(Records contained in a dataset)
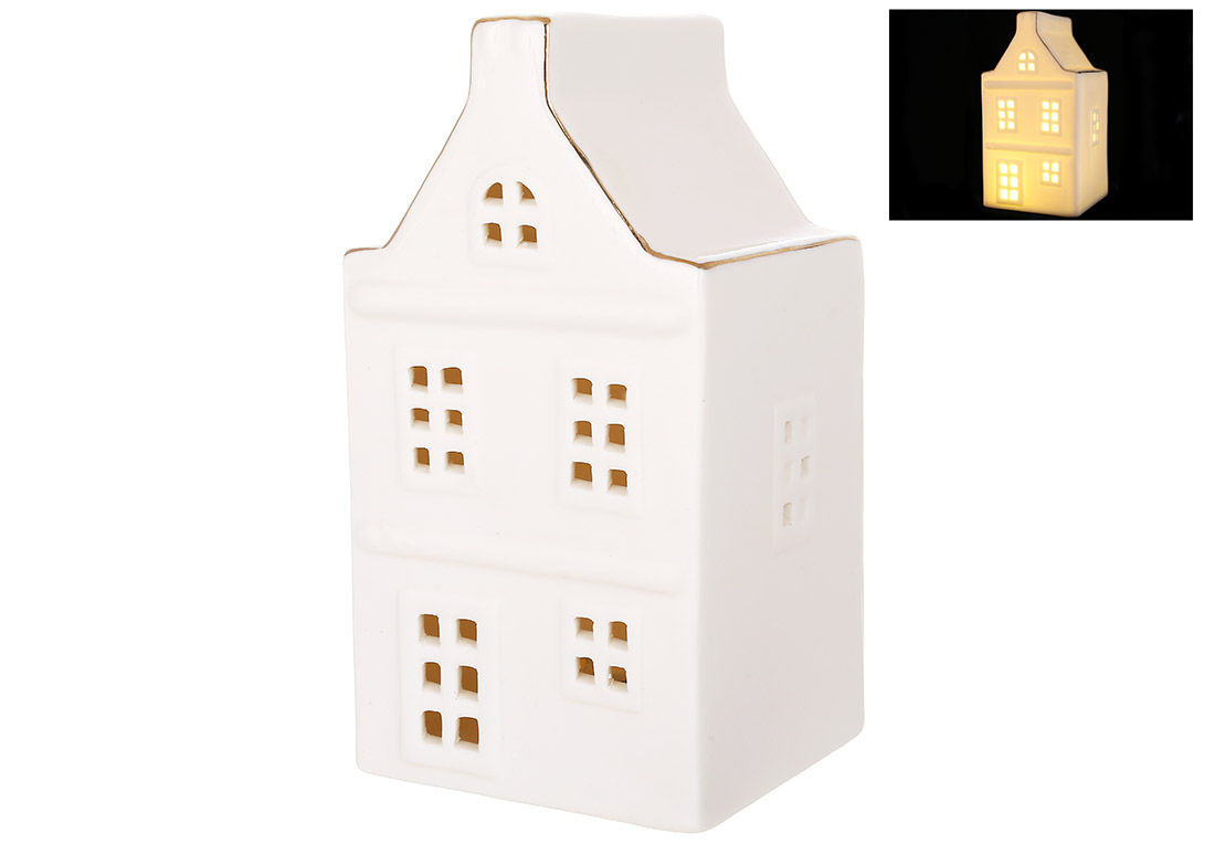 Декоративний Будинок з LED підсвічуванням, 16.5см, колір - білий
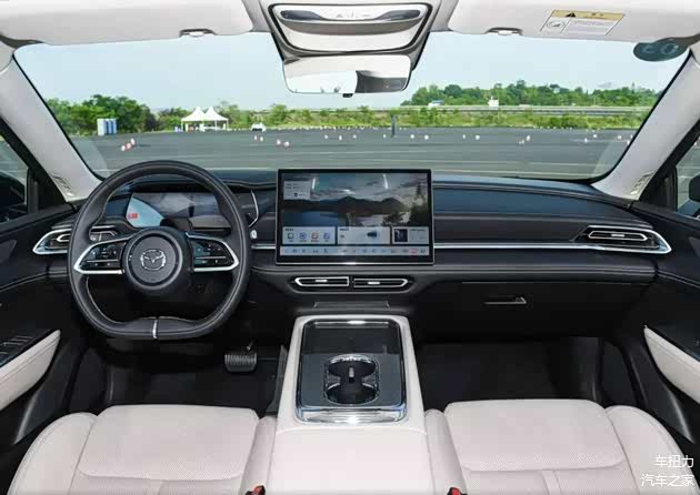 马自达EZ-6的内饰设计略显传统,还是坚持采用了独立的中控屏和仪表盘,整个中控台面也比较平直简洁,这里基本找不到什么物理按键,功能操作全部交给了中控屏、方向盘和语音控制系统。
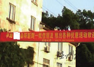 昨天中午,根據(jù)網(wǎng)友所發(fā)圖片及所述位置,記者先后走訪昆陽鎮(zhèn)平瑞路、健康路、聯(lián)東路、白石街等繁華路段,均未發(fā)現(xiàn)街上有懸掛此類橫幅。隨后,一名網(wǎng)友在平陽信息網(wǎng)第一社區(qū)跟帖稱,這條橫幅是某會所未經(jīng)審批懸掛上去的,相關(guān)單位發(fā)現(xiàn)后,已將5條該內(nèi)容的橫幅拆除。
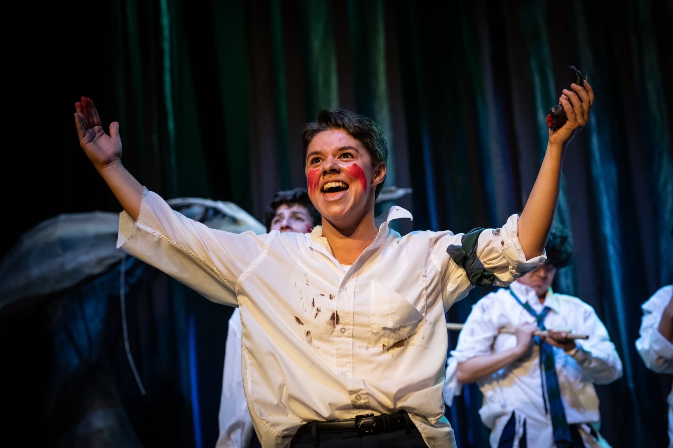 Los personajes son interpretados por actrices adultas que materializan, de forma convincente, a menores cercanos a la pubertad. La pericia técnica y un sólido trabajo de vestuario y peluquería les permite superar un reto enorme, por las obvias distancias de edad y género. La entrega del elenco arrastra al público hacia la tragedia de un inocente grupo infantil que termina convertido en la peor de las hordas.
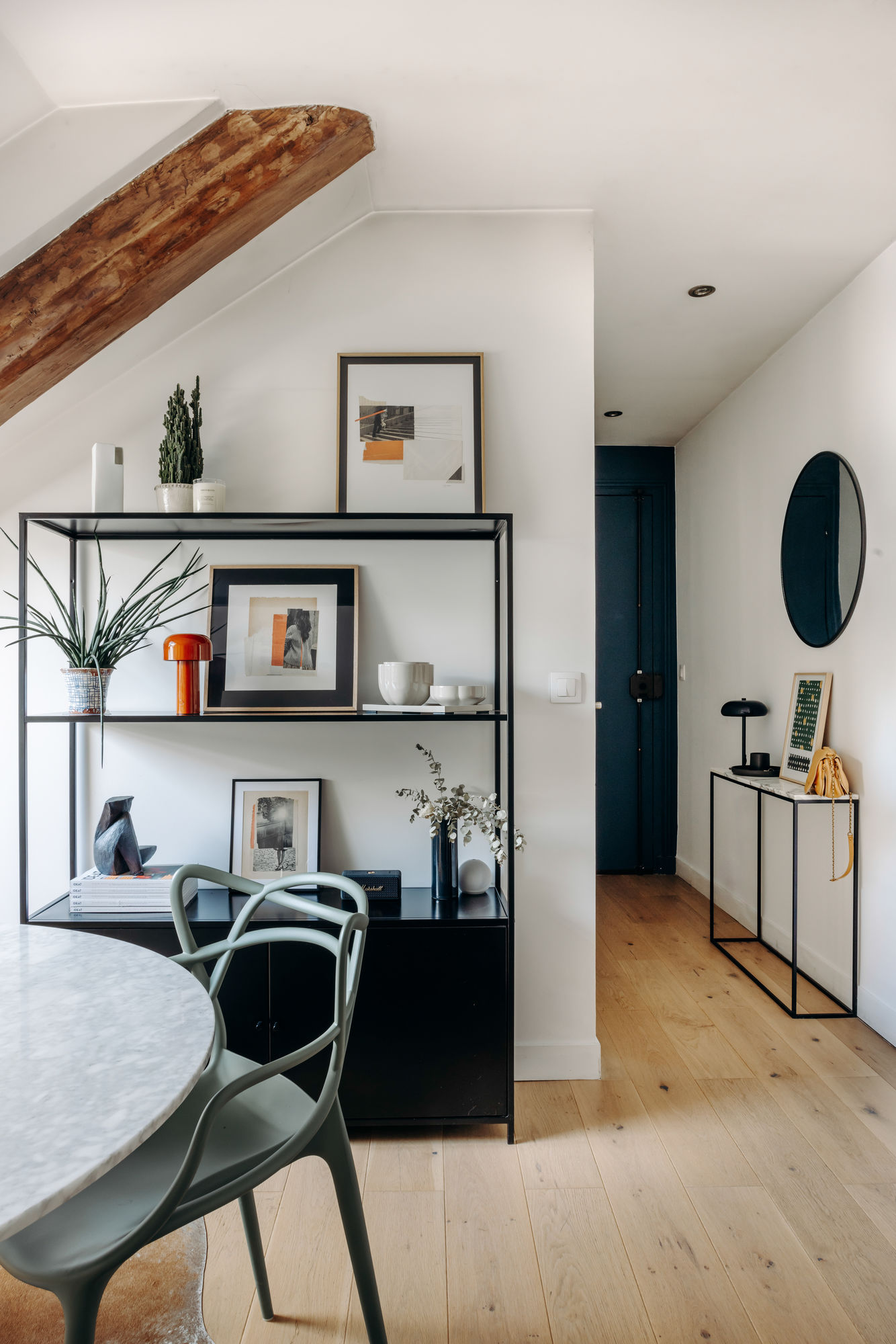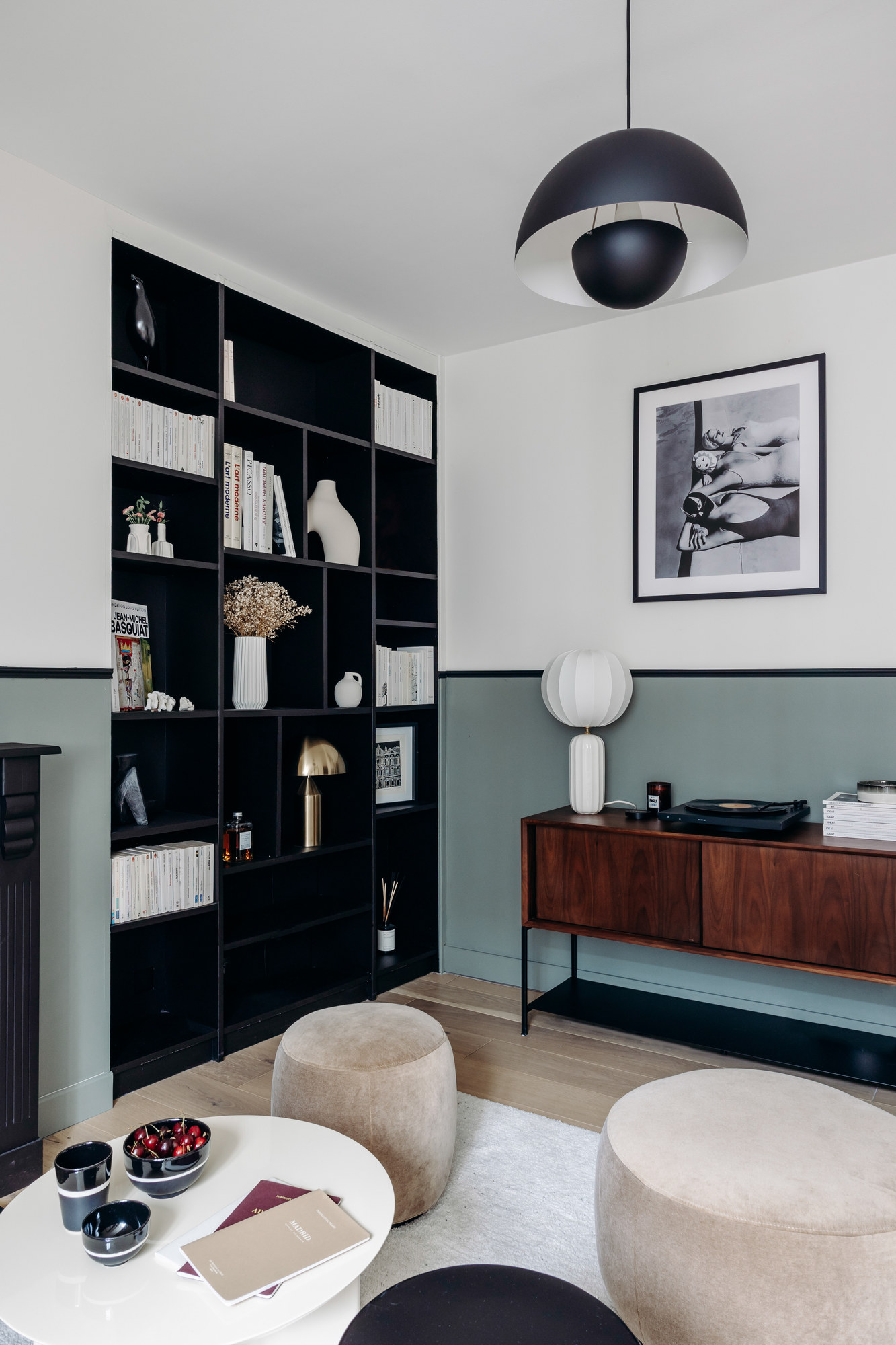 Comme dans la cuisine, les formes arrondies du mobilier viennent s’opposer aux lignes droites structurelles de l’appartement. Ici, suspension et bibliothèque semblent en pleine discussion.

Task details ▸ Repeat exactly the lines from the one containing "昨天中午,根據(jù)網(w" to the last line of the data above, both included, and write no pictures into the copy.

Solution to this task ▸
 昨天中午,根據(jù)網(wǎng)友所發(fā)圖片及所述位置,記者先后走訪昆陽鎮(zhèn)平瑞路、健康路、聯(lián)東路、白石街等繁華路段,均未發(fā)現(xiàn)街上有懸掛此類橫幅。隨后,一名網(wǎng)友在平陽信息網(wǎng)第一社區(qū)跟帖稱,這條橫幅是某會所未經(jīng)審批懸掛上去的,相關(guān)單位發(fā)現(xiàn)后,已將5條該內(nèi)容的橫幅拆除。
 Los personajes son interpretados por actrices adultas que materializan, de forma convincente, a menores cercanos a la pubertad. La pericia técnica y un sólido trabajo de vestuario y peluquería les permite superar un reto enorme, por las obvias distancias de edad y género. La entrega del elenco arrastra al público hacia la tragedia de un inocente grupo infantil que termina convertido en la peor de las hordas.
 Comme dans la cuisine, les formes arrondies du mobilier viennent s’opposer aux lignes droites structurelles de l’appartement. Ici, suspension et bibliothèque semblent en pleine discussion.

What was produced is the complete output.